Odpowiadasz na:

Re: FM Group co sądzicie

Nie neguję Twojej inteligencji ale chyba nie wziąłeś pod uwage jakie koszty generuje otworzenie własnego biura projektowego.

Koszt prawie taki sam jak otworzenia działalność na cele... rozwiń

Nie neguję Twojej inteligencji ale chyba nie wziąłeś pod uwage jakie koszty generuje otworzenie własnego biura projektowego.

Koszt prawie taki sam jak otworzenia działalność na cele FM. Zusy, podatki, komputer, transpotr, telfon, księgowość. Nie widzę dużej róznicy. No poza tym że przy własnym biurze zyski idę do mnie jako włściciela a w FM dostaję jedynie ulamek ceny produktów. Reszta idzie do właściciela FM.
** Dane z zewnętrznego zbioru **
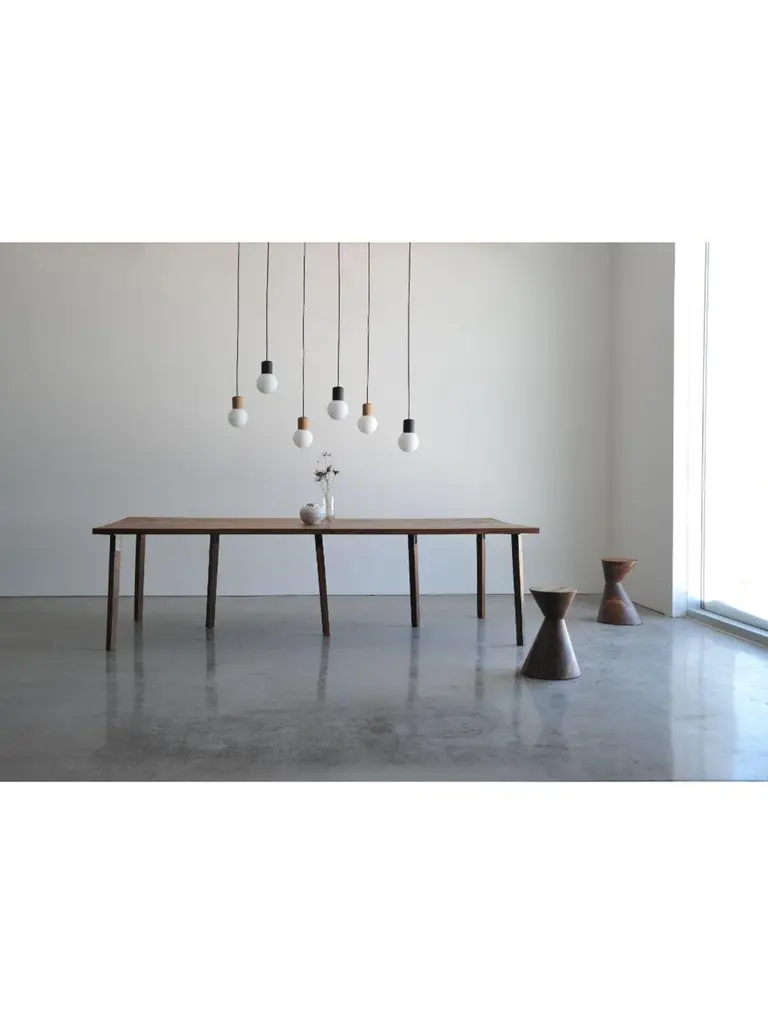 Walnut catkin pendant by Hollis & MorrisDimensions: Diameter 5.5" x height 8.5"Materials: Solid wood, hardwax oil. Hand-blown glass. LED lightbulbs. Cloth-covered powder cord.Also available in natural oak, black oak, white oak, and walnut.All our lamps can be wired according to each country. If sold to the USA it will be wired for the USA for instance.After the long winter, the quickly multiplying catkin is nature’s story of vitality and exuberance — glowing energy hidden within a soft, white bloom. Slightly larger than expected, the playful pendant bears a matte, milky surface anchored by a solid wood stem.Based out of Toronto, Hollis & Morris takes its name from an intersection in Halifax where the company started as a series of garage explorations in design. A steadfast commitment to function with a distinctive approach to design. Hollis & Morris creates handmade furniture and lighting which carefully balances modern and honest designs. Versatile, well crafted, and timeless. Pieces by Hollis & Morris easily complement residential, commercial, and hospitality spaces. Driven by respect towards natural and honest processes, trademark integrations of solid wood and metal celebrate the inherent strengths of each material, resulting in thoughtful, quality pieces made to last with you throughout the years.

Minusem tego sposobu zarabiania jest to że nie ma się nad soba tzn "bata" jak sam tyłka nie ruszysz to nic nie ma,jak robisz to źle bo źle Cie nauczyli też nic nie masz.

Przy własnej działaności minus jest taki sam. Nie ma pieniędzy bez wysiłku.Ludzie anuczcie sie tego. Nikt nie rozdaje pieniedzy za darmo.
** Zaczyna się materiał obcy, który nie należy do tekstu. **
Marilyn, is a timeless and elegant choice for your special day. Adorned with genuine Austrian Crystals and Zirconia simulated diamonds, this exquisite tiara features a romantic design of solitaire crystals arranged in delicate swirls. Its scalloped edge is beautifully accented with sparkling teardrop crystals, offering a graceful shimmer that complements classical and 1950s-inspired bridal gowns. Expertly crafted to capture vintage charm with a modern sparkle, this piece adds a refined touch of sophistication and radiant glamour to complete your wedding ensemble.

FM nie obraź się ale to klon Amway'a, Oriflame, Avon itp.Niczym się prawie nie równi.Tam wszedzie jest sosowany marketing MLM.Tak to nie nowość, FM nie wymyśliła marketingu FM.O tych firmach tez pisłay wielkie gazety bo ich WŁAŚCICIELE zbijali na nich kokosy, nie trybiki, ludzie tworzący kanały dystrybucji. Oni byli tylko narzędziem firmy przy bogazeniu sie jej właściceli.Ale pomysłu nalezy pogratulować.



Dlatego ja na swoich spotkaniach przedstawiam najpierw Idee marketingu sieciowego a potem firme,bo tak na prawde nie jest ważna w jakieś branży działa firma,ważne aby te produkty były codziennego użytku i były zużywalne bo takie produkty każdy potrzebuje w dzisiejszych czasach. Co innego gdyby Fm oferowało złote dzbanki a one nie są potrzebne wszystkim i nie każdy może sobie na taki dzbanek pozwolić.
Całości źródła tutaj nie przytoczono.